Practical GK-3

Transformations and superposition

Aims

• To reinforce the concepts of three-dimensional transformations and superposition.
• To give practice in using C libraries to construct and apply transformation matrices.
• To revise the format of ATOM records in Protein Data Bank files.

Objectives

After this practical you will:

• be able to write simple C programs that construct and apply transformation matrices.

Introduction

The source code for the transformation library is in file /chalmers/users/kemp/TDA506/src/libtransform.c

Exercises

1. Protein Data Bank entry 1CRN contains coordinates of two tyrosine (TYR) residues. Look at these residues in RasMol.

   1. Modify test_fit.c so that it finds the transformation matrix that fits the N, CA, C and CB atoms of the first of these tyrosine residues onto the corresponding atoms of the other tyrosine residue. What is the value of the RMS error of this fit?

   2. Apply the transformation found in part (a) to all of the atoms in the first tyrosine residue. Write out the transformed coordinates in Protein Data Bank format (see the format of ATOM records in section 9).

      Copy the ATOM records from 1CRN to a new file, and append the ATOM records with transformed coordinates (written by your program) to this file. View the resulting PDB file in RasMol. Have the residues been superposed?

   3. Modify your program so that it superposes the first tyrosine residue onto the second using all atoms to perform the fit. What is the value of the RMS error of this fit?

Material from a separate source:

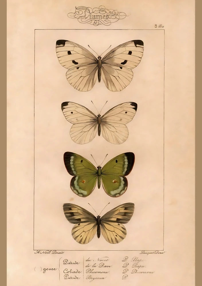 Old-world butterflies arranged with care — vintage curiosity, patience, and the beauty of observation.

2. (Only do this exercise if you have nothing else to do! It's very similar to the first exercise, so you won't gain much by modifying the program. However, it is useful to think about this question since it shows how simple fitting can be used to compare functional and non-functional forms of a binding site. Think about how you would transform one serine protease protein so that it is fitted onto another, with their binding sites superposed. Think also how you would read the points to be superposed from a file, rather than giving the coordinates explicitly in your source code!)

   1. Protein Data Bank entry 1TLD is a high resolution structure of bovine beta-trypsin, which is a serine protease (a "protein-cutting machine"). His57, Asp102 and Ser195 are important active site residues in serine protease enzymes. Locate these three residues and draw a sketch showing the distances from the nitrogen atoms in the side chain of His57 to the oxygen atoms in the side chains of the other active site residues.

      To see the side chains of these residues more easily, display the whole structure as a wireframe model, then select the three side chains:

            RasMol> select (57, 102, 195) and sidechain
              

      Select "Ball & Stick" from the Display menu to highlight these side chains.

   2. Protein Data Bank entry 1EZX is a serpin-protease complex. The molecules present are human alpha-1-antitrypsin (a serine protease inhibitor, or serpin) and bovine trypsin (a serine protease). Locate the active site residues of the trypsin molecule (chain C) and draw a sketch showing the distances from the nitrogen atoms in the side chain of His57 to the oxygen atoms in the side chains of the other active site residues.

   3. Modify the program written in question 1 to compare the active sites (residues His57, Asp102 and Ser195) of the serine protease enzymes in Protein Data Bank entries 1TLD and 1EZX.